Freedom for Ellie to find herself; to be something not just someone’s wife. New York provides her that freedom and also the freedom of choice of destiny. Ironically she ends back in Ireland but she has learnt something whilst being away and we see that develop when she wants to do something other than being a wife. 

John is fighting for freedom. To be separated from home rule. My history shamefully is very woolly about this, and sadly the book did nothing to correct that. John is offered more freedom in going to America but chooses to stay with the freedom he has fought for, despite it being harder work. Does he do this as penance for the freedom their country has now got? 

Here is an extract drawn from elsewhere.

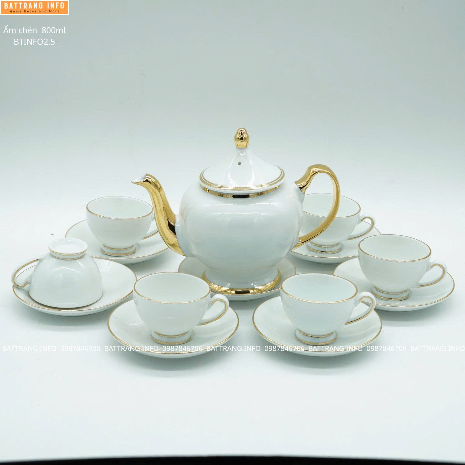 ✔ Chất liệu cao cấp, an toàn cho sức khỏe Sản phẩm được nung ở nhiệt độ cao, loại bỏ tạp chất, không chứa chì, đảm bảo an toàn tuyệt đối khi sử dụng hàng ngày. ✔ Thiết kế sang trọng, tinh tế Lớp men trắng sáng kết hợp họa tiết chỉ vàng thủ công tạo điểm nhấn quý phái, thích hợp cho không gian phòng khách, phòng trà hoặc bàn tiếp khách cao cấp.

Freedom effects other minor characters throughout the book. Ellie’s mother has another type of freedom when her husband dies and she us understood some more. Sheila, Ellie’s school friend seeks the freedom from working and being a servant, and wants the freedom of being married and doing nothing and having the servants! Isobel who Ellie briefly works for lives her married life freely with a bottle, free from her husband who is never there and free to do as she pleases and with who. Is this free love?

In some ways the title is the title of freedom Ellis Island. The book actually does not concentrate much on this part of the passage into America. More I think would have been much more interesting. This was the gateway to many Irish born individuals seeking a better life. The book only touches on the rather the process you had to go through before you could even enter America. 

From reading other reviews on this book, everyone keeps recommending Brooklyn by Colm Toibin as a better example of Irish immigration and America. Have any of you read it? Do you agree? Have you read Ellis Island?